337 Ukrainian drones were downed over Russia, including 91 over Moscow region


Ukraine launched its biggest drone attack on the Russian capital on Tuesday with at least 91 drones targeting Moscow, killing at least one person, sparking fires, closing airports and forcing dozens of flights to be diverted, Russian officials said.

A total of 337 Ukrainian drones were downed over Russia, including 91 over the Moscow region and 126 over the Kursk region, where Ukrainian forces have been pulling back, the defence ministry said.

The massive dawn drone attack unfurled just as a team of Ukrainian officials prepare to meet a U.S. team in Saudi Arabia to seek grounds for possible peace talks in the three-year-old war, and as Russian forces try to encircle thousands of Ukrainian soldiers in the western Russian region of Kursk.

As rush hour built, Moscow Mayor Sergei Sobyanin said air defences were still repelling attacks on the city, which along with the surrounding region has a population of at least 21 million and is one of the biggest metropolitan areas in Europe.

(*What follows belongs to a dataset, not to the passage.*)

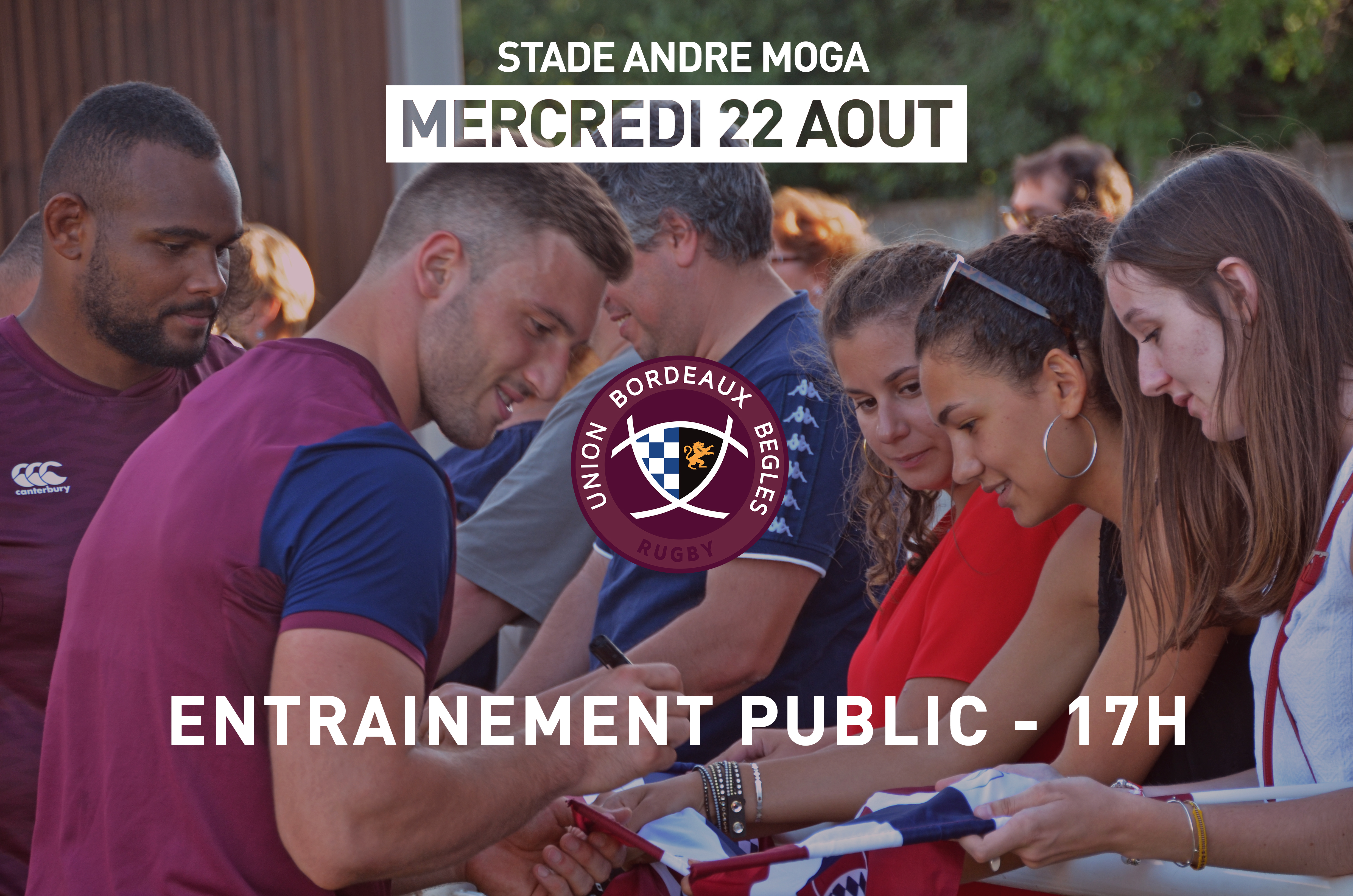 Mercredi 22 août, les joueurs vous attendent de 17h à 17h30 pour les encourager à la fin de leur journée d'entraînement, avant l'ouverture de la saison samedi à Chaban face à la Section Paloise.

"The most massive attack of enemy UAVs (unmanned aerial vehicles) on Moscow has been repelled," Sobyanin said in a post on Telegram.

Building debris is strewn across grass and a residential home is on fire
A residential house ablaze after recent Ukraine's drone attack, according the local authorities, in the course of Russia-Ukraine conflict, in the Moscow region, is seen in this image released on Tuesday. (Governor of Moscow region Andrei Vorobyov via Telegram/Handout via REUTERS )

 

Moscow Region Governor Andrei Vorobyov said at least two people were killed and three injured, and he posted a picture of a wrecked apartment with its windows blown out.

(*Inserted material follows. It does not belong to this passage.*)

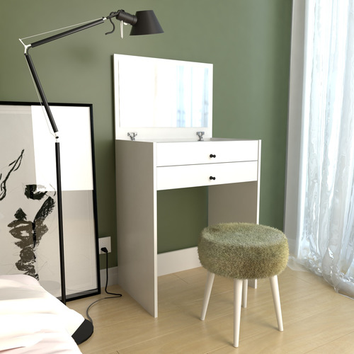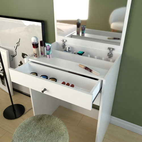 Versatil y multifuncional, este maquillador se convierte en una mesa de trabajo cuando el espejo no está en uso, brindando una cómoda superficie plana para poder realizar tus tareas diarias de trabajo, estudio o tu pasatiempo preferido.

Vorobyov said that some residents were forced to evacuate a multi-story building in the Ramenskoye district of the Moscow region, about 50 km (31 miles) southeast of the Kremlin.

A damaged apartment with one wall missing is shown.
An apartment damaged in Ukraine's drone attack, according the local authorities, in the course of Russia-Ukraine conflict, in Ramenskoye in the Moscow region, is seen in this image released on Tuesday. (Governor of Moscow region Andrei Vorobyov via Telegram/Handout via REUTERS)

 

There was no sign of panic in Moscow, commuters went to work as normal in central Moscow.

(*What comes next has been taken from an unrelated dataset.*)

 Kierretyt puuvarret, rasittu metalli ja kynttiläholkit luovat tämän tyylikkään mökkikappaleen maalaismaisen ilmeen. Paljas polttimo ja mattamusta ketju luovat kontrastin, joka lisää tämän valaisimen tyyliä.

Russia's aviation watchdog said flights were suspended at all four of Moscow's airports to ensure air safety after the attacks. Two other airports, in the Yaroslavl and Nizhny Novgorod regions, both east of Moscow, were also closed.

Though U.S. President Donald Trump says he wants to deliver peace in Ukraine, the war is heating up on the battlefield with a major Russian spring offensive in Kursk and a series of Ukrainian drone attacks deep into Russia.

Russia has developed a myriad of electronic "umbrellas" over Moscow and over key installations, with additional advanced internal layers over strategic buildings, and a complex web of air defences to shoot down the drones before they reach the Kremlin in the heart of the capital.

Kyiv, itself the target of repeated mass drone strikes from Russian forces, has tried to strike back against its vastly larger eastern neighbour with repeated drone strikes against oil refineries, airfields and even Russian strategic early-warning radar stations.

 

WATCH | Ukrainian soldiers, designers speak about developing more high-tech attack drones:
 

Ukraine has kept much of its wartime drone program secret. CBC’s foreign correspondent Briar Stewart spoke to Ukrainian soldiers and drone designers about developing more high-tech attack drones. The prospect of possible peace talks pushes both warring sides to try to improve their battlefield positions so they are in a stronger position to negotiate.

The war, the biggest in Europe since the Second World War, has combined grinding First World War-style attrition trench and artillery warfare with the major innovation of drones.

Moscow and Kyiv have both sought to buy and develop new drones, deploy them in innovative ways, and seek new ways to destroy them — from using farmers' shotguns to advanced electronic jamming systems.

Both sides have turned cheap commercial drones into deadly weapons while ramping up their own production.

Soldiers on both sides have reported a visceral fear of drones — and both sides have used macabre video footage of fatal drone strikes in their propaganda, with soldiers shown being blown apart in toilets or running from burning vehicles.

Russian President Vladimir Putin, who has sought to insulate Moscow from the rigours of the war, has called Ukrainian drone attacks that target civilian infrastructure such as nuclear power plants "terrorism" and has vowed a response.

Moscow, by far Russia's richest city, has boomed during the war, buoyed by the biggest defence spending splurge since the Cold War.